Zur Rechtfertigung des Richtlinien-Entwurfs verweist die EU-Kommission neben dem Kampf gegen Piraterie und Organisiertes Verbrechen, den Schutz der Verbraucher vor gefährlichen Produktfälschungen und die Notwendigkeit der Harmonisierung von nationalen Strafrechtsvorschriften auf Artikel 17 (2) der EU-Grundrechtecharta(öffnet im neuen Fenster) , der den Schutz des geistigen Eigentums zum Inhalt hat: "Geistiges Eigentum wird geschützt" . Die Berücksichtigung des öffentlichen Interesses ist in Artikel 17 (2) nicht ausdrücklich vorgesehen. Das Max-Planck-Institut für geistiges Eigentum weist in seiner Stellungnahme zu den EU-Plänen(öffnet im neuen Fenster) darauf hin, dass "ein unbegrenzter Schutz den Verpflichtungen aus dem TRIPS-Abkommen widersprechen würde, die ebenfalls fordern, das Interesse der Öffentlichkeit zu berücksichtigen" .

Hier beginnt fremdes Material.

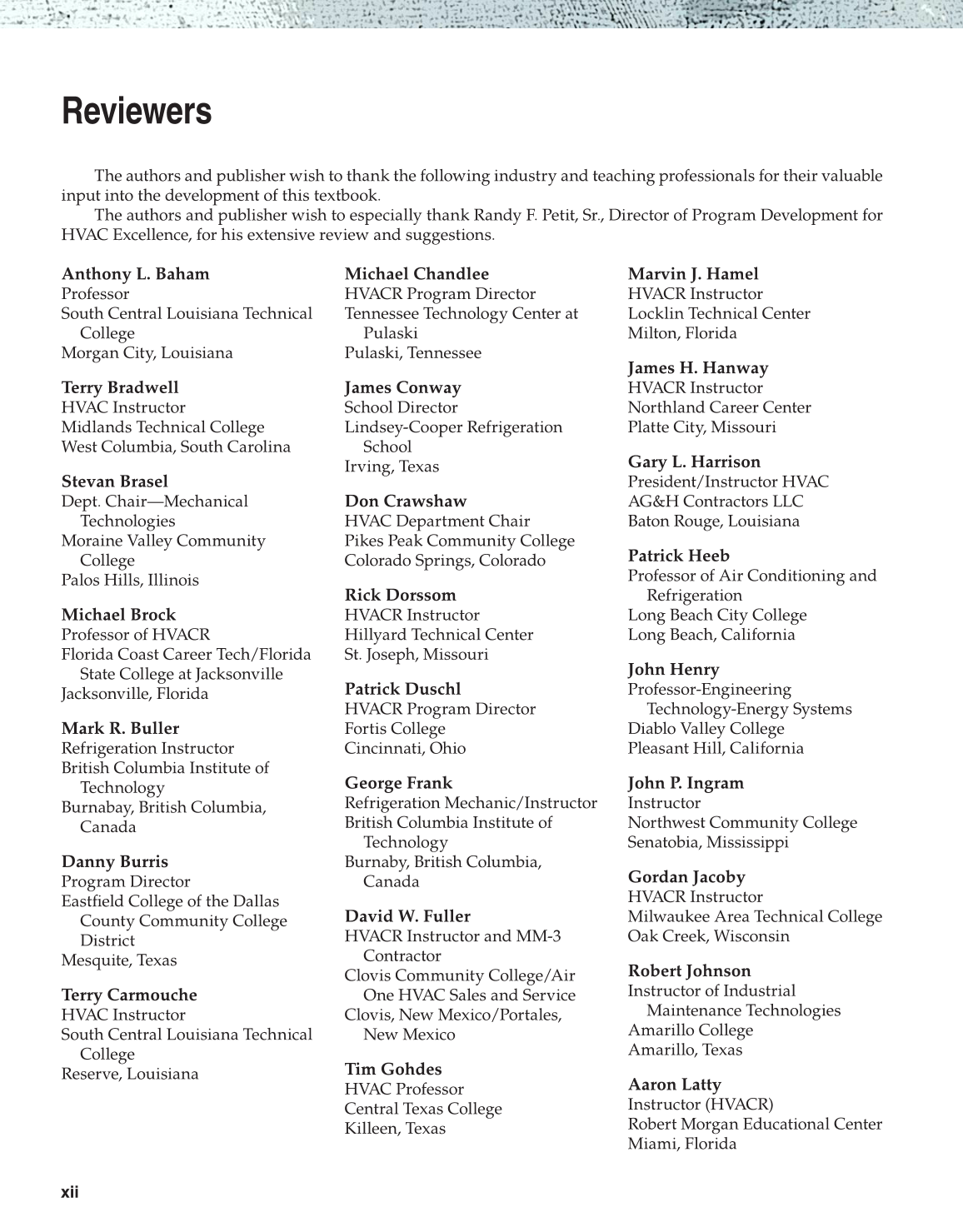 The authors and publisher wish to thank the following industry and teaching professionals for their valuable

Sollte die Richtlinie in der vorliegenden Fassung verabschiedet werden, würden in Zukunft auch im privaten Rahmen stattfindende Verletzungen von Urheber- oder Patentrechten als Verbrechen bestraft werden können. Darüber hinaus ist in Artikel 3 des Richtlinien-Entwurfs vorgesehen, "den Versuch, die Beihilfe, die Aufforderung oder Verleitung zu solchen Verletzungshandlungen" unter Strafe zu stellen. Als Abgrenzungskriterium zu nicht strafwürdigen Handlungen dient der EU-Kommission dabei die Formulierung "in gewerbsmäßigem Umfang" ( "on a commercial scale" ) und der Verweis auf die Bedeutung dieser Formulierung im TRIPS-Abkommen ( "Übereinkommen über handelsbezogene Aspekte der Rechte des geistigen Eigentums" ) von 1994 vor. Somit käme es nicht mehr auf eine Gewinnerzielungsabsicht an, um eine Verletzungshandlung zur Straftat zu machen.

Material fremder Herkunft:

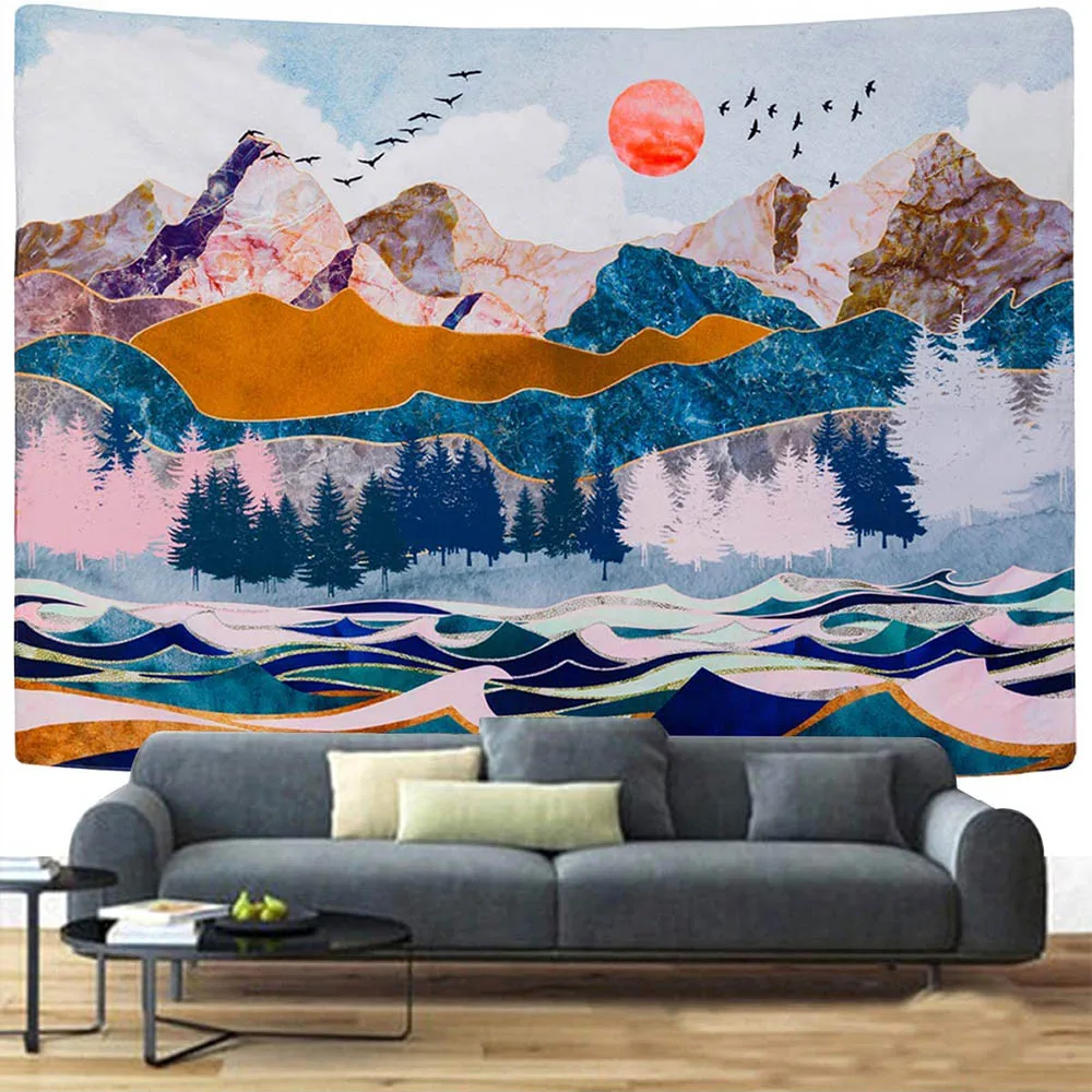 Гобелен SepYue с изображением горы, настенный гобелен, для декора комнаты для дома и общежития, нордический абстрактный пейзаж покрывало в богемном стиле

Kritiker wie der britische Wissenschaftler Ross Anderson weisen darauf hin(öffnet im neuen Fenster) , dass durch solche vagen Formulierungen der Wettbewerb geschädigt, das Wirtschaftswachstum behindert und der Zensur Vorschub geleistet werden wird. Besonders gefährdet seien britische und europäische Softwarehersteller und Open-Source-Entwickler und -Anwender. Mit dem IPRED2-Entwurf wird der "historische Kompromiss zum Reverse-Engineering unterminiert" , so Anderson. "Für neue, innovative Unternehmen wird es schwerer werden, existierende Softwarehersteller herauszufordern oder auch nur komplementäre Produkte anzubieten." Und auch Wissenschaftler sieht Anderson bedroht: "Akademiker veröffentlichen oft Aufsätze vorab auf ihren Websites. Technisch gesehen ließe sich daraus eine Urheberrechtsverletzung 'in gewerbsmäßigem Umfang' machen, sollte ein Verlag den Artikel später in einer Fachzeitschrift veröffentlichen, die solche Vorabveröffentlichungen verbietet" .

Unter der Überschrift "Copy Crime" ruft die EFF Europe zu Protestaktionen in letzter Minute auf. Die Bürger Europas sollten sich an ihre Abgeordneten im EU-Parlament(öffnet im neuen Fenster) wenden und diese auffordern, dem Richtlinien-Entwurf nicht zuzustimmen. Auch eine Online-Petition(öffnet im neuen Fenster) soll dazu beitragen, den Protest wirksam zu kanalisieren.

Derweil hat ein Bündnis aus dem Förderverein für eine freie Informationelle Infrastruktur (FFII), der EFF, dem Europäischen Verbraucherverband und dem Europäischen Bibliothekenverband konkrete Vorschläge zur Überarbeitung des Richtlinien-Entwurfs unterbreitet, die auf der Copy-Crime-Website(öffnet im neuen Fenster) eingesehen werden können. [von Robert A. Gehring]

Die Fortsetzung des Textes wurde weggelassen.